### [Required action]
Can you copy out the data exactly? Leave the images out.

### [Dataset section]
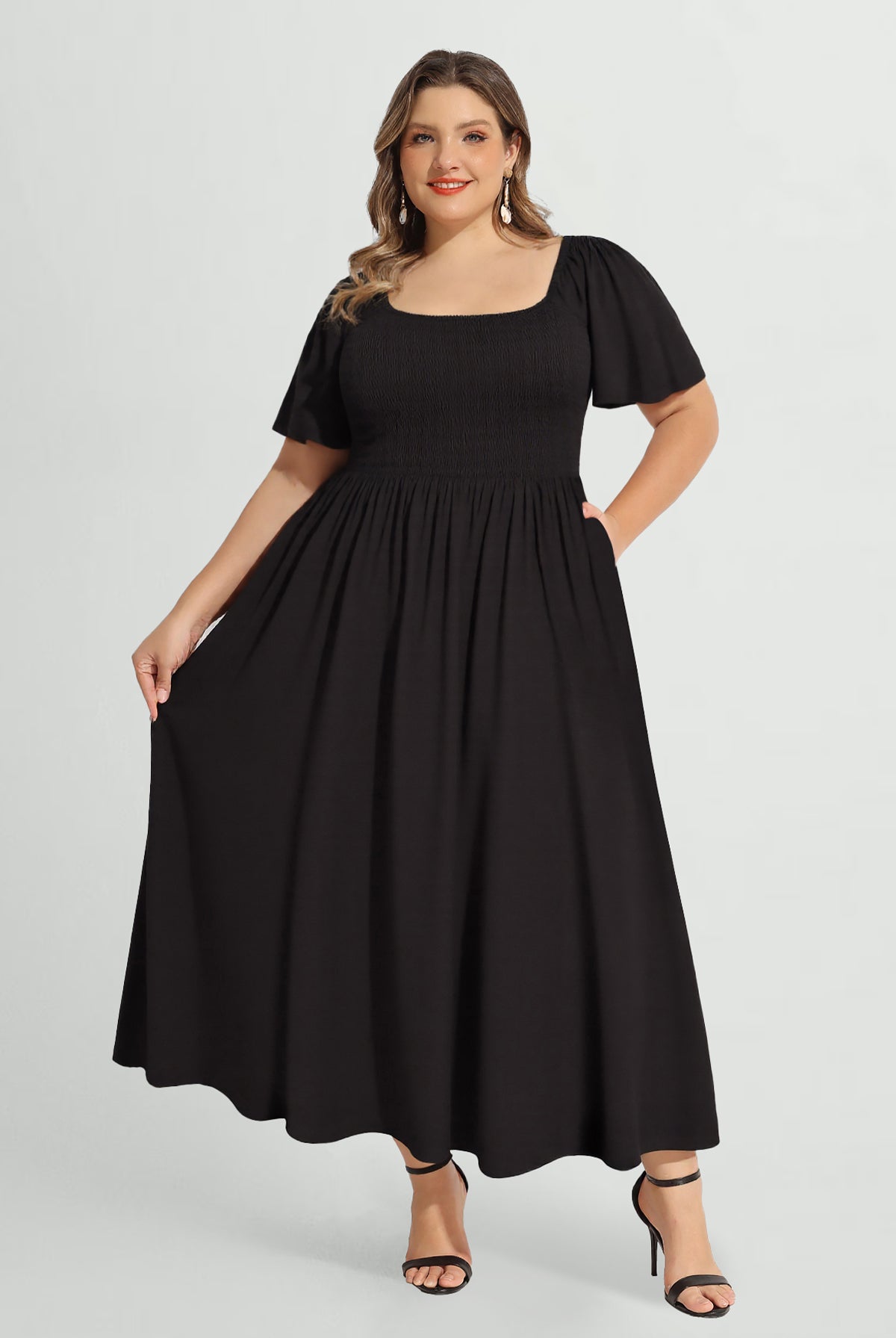 Ritera Pockets Elasticated Waist Tiered Casual Chic Midi Dress
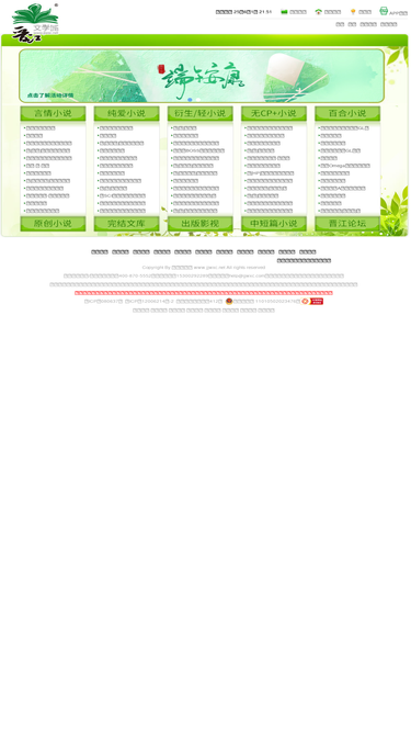 晋江文学城(www.jjwxc.net)创立于2003年8月,是具备相当规模女性网络文学原创基地。站内作品题材多样,包括言情小说、纯爱小说、都市小说、玄幻小说等260余万部,已诞生出花千骨、何以笙箫默等上百部热门影视剧作品。晋江文学城已经从一个简单的文学爱好者集散地快速且稳健地成长为行业内的翘楚。
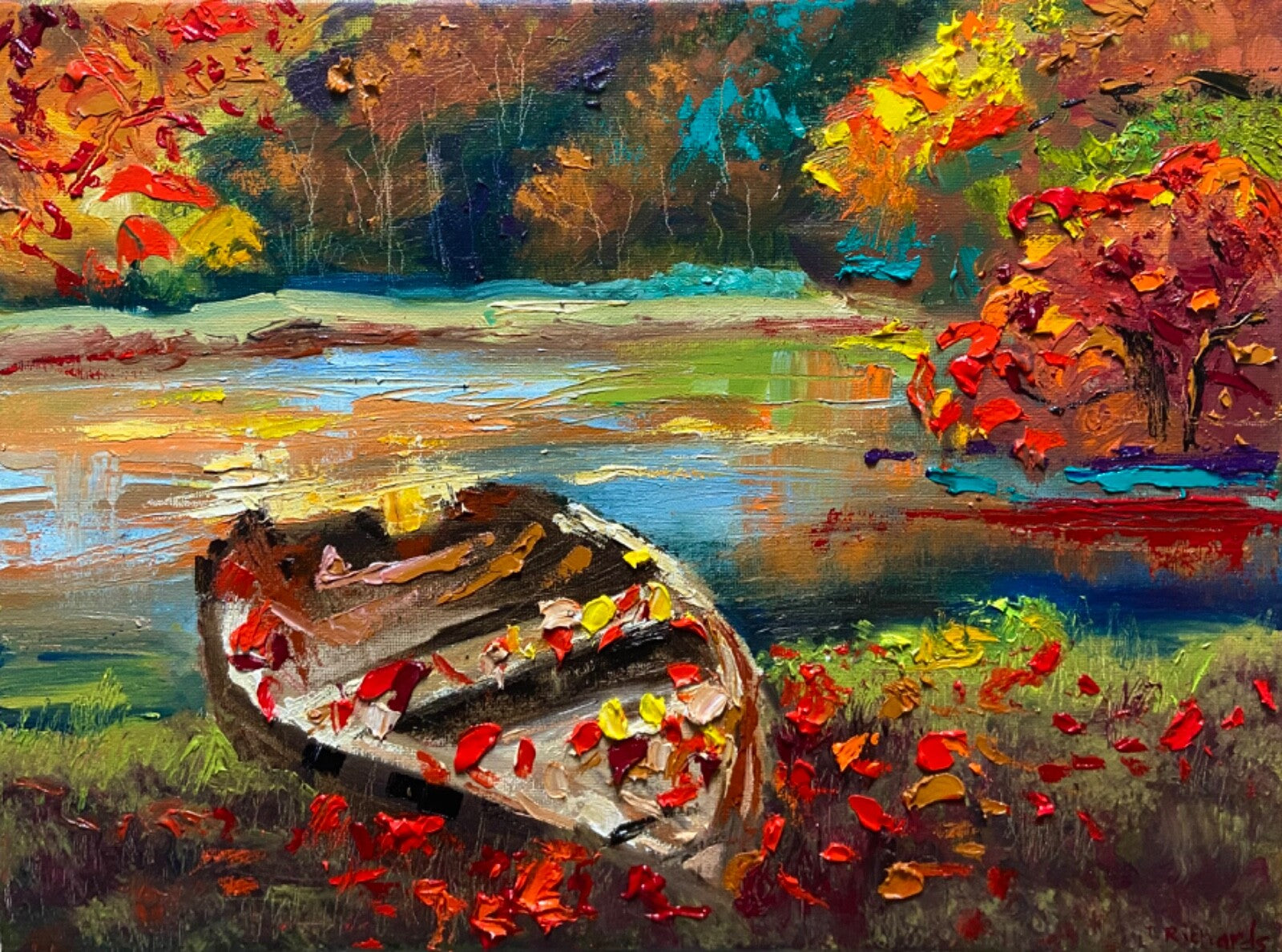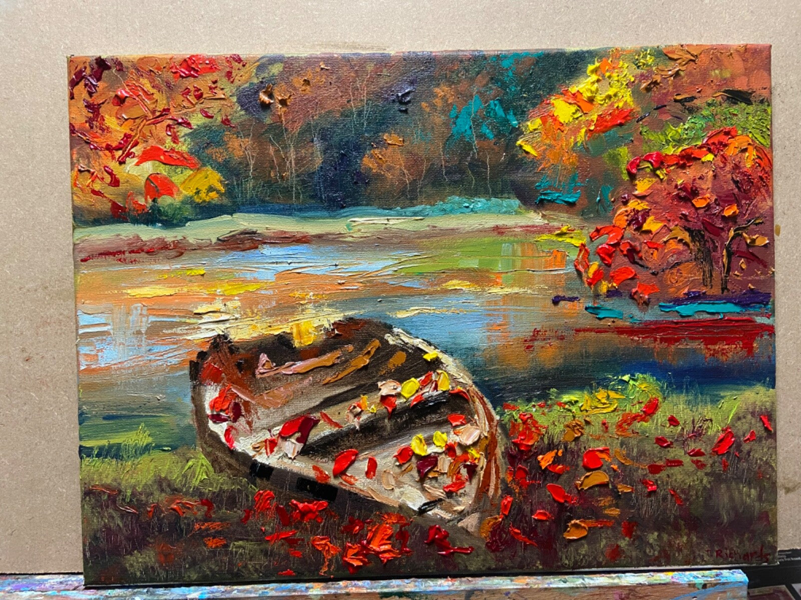 Oil painting ORIGINAL art Boat Fall landscape New England lake river 12x16"

### [Problem solution]
 Ritera Pockets Elasticated Waist Tiered Casual Chic Midi Dress
 晋江文学城(www.jjwxc.net)创立于2003年8月,是具备相当规模女性网络文学原创基地。站内作品题材多样,包括言情小说、纯爱小说、都市小说、玄幻小说等260余万部,已诞生出花千骨、何以笙箫默等上百部热门影视剧作品。晋江文学城已经从一个简单的文学爱好者集散地快速且稳健地成长为行业内的翘楚。
 Oil painting ORIGINAL art Boat Fall landscape New England lake river 12x16"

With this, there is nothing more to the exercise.